21. A system for ontological parsing that converts natural-language text into predicate-argument format as recited in claim 19, wherein said parser component looks ahead at least one word, scans input from left-to-right, and constructs said parse tree.

22. A system for ontological parsing that converts natural-language text into predicate-argument format as recited in claim 20, wherein said parser filters remove parse trees that violate one of statistical and ontological criteria for well-formedness.

23. A system for ontological parsing that converts natural-language text into predicate-argument format as recited in claim 22, wherein said parser filters include a selectional restriction filter and a parse probability filter.

24. A system for ontological parsing that converts natural-language text into predicate-argument format as recited in claim 23, wherein said selectional restriction filter vetoes parse trees having conflicts between selectional features of concepts serving as arguments to a second concept and restrictions of said second concept.

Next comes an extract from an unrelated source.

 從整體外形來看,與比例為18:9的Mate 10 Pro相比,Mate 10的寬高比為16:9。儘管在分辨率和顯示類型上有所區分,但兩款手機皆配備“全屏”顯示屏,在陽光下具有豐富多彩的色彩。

25. A system for ontological parsing that converts natural-language text into predicate-argument format as recited in claim 23, wherein said parse probability filter vetoes parse trees that fall below a minimum probability for semantic interpretation.

26. A system for ontological parsing that converts natural-language text into predicate-argument format as recited in claim 1, wherein said system is modular to permit the use of any part-of-speech-tagged ontology.

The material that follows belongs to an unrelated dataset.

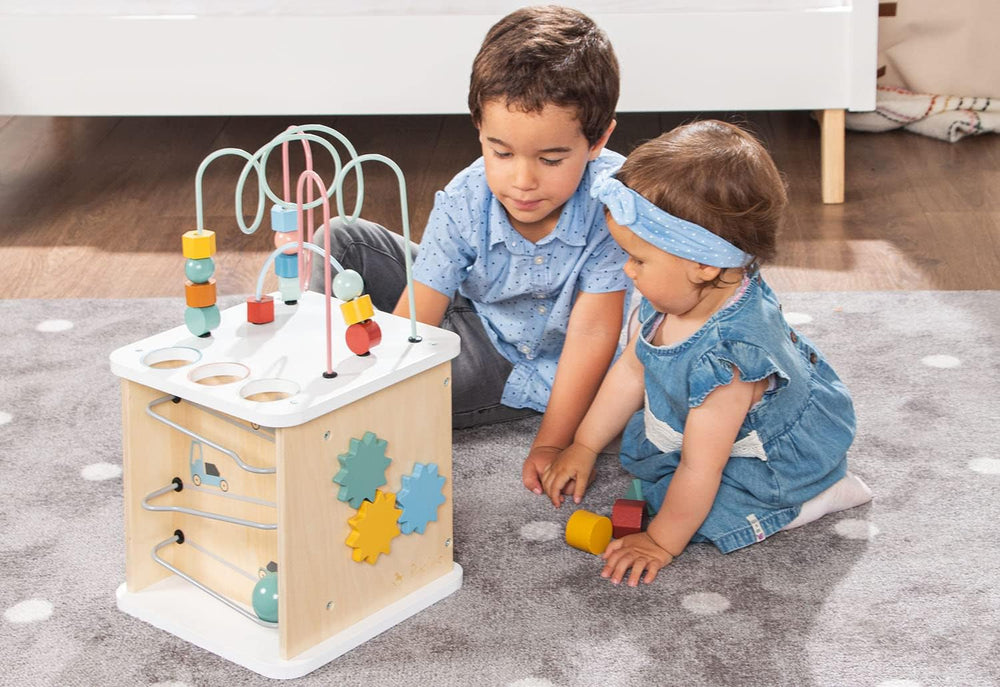 PINOLINO Motorikwürfel Sanna, aus Holz, 10 -tlg. mit 3 Kugeln, 6 Steckklötzen, Motorikschleife, bunt

27. A system for ontological parsing that converts natural-language text into predicate-argument format as recited in claim 6, wherein said parse trees is represented by modified hexadecimal digits that have an octet of hexadecimal pairs to provide eight ontological levels and a branching factor at each node of 256.

28. A method of ontological parsing that converts natural-language text into predicate-argument format comprising the steps of: converting a natural language sentence into a sequence of ontological entities that are tagged with part-of-speech information; and converting said sequence of ontological entities into predicate structures using a two-stage process that analyzes the grammatical structure of the natural language sentence and binds arguments into predicates.

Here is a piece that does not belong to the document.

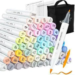Alcohol Markers Brush Tip - 61 Pastel Brush & Fine Dual Tip Art Markers for Artist Illustration, Adult Coloring Books, Gifts for Artist Adult, Colorless Blender, Enjoy Blending, Carrying Case

29. A method of ontological parsing that converts natural-language text into predicate-argument format as recited in claim 28, further comprising the step of modifying said natural language sentence based on word meanings.

30. A method of ontological parsing that converts natural-language text into predicate-argument format as recited in claim 28, further comprising the steps of: receiving sentences including ontological entities; parsing said sentences including ontological entities into parse trees representing concepts in the corresponding sentence including ontological entities; and converting said parse trees into predicates.

31. A method of ontological parsing that converts natural-language text into predicate-argument format as recited in claim 28, wherein the step of parsing comprises the step of looking ahead one word, scanning input from left-to-right, and constructing said parse tree.

32. A method of ontological parsing that converts natural-language text into predicate-argument format as recited in claim 28, further comprising the step of removing parse trees that violate one of statistical and ontological criteria for well-formedness.

33. A method of ontological parsing that converts natural-language text into predicate-argument format as recited in claim 28, further comprising the step of vetoing parse trees having conflicts between selectional features of concepts serving as arguments to a second concept and restrictions of said second concept.

34. A method of ontological parsing that converts natural-language text into predicate-argument format as recited in claim 30, further comprising the step of assigning numbers to said concepts.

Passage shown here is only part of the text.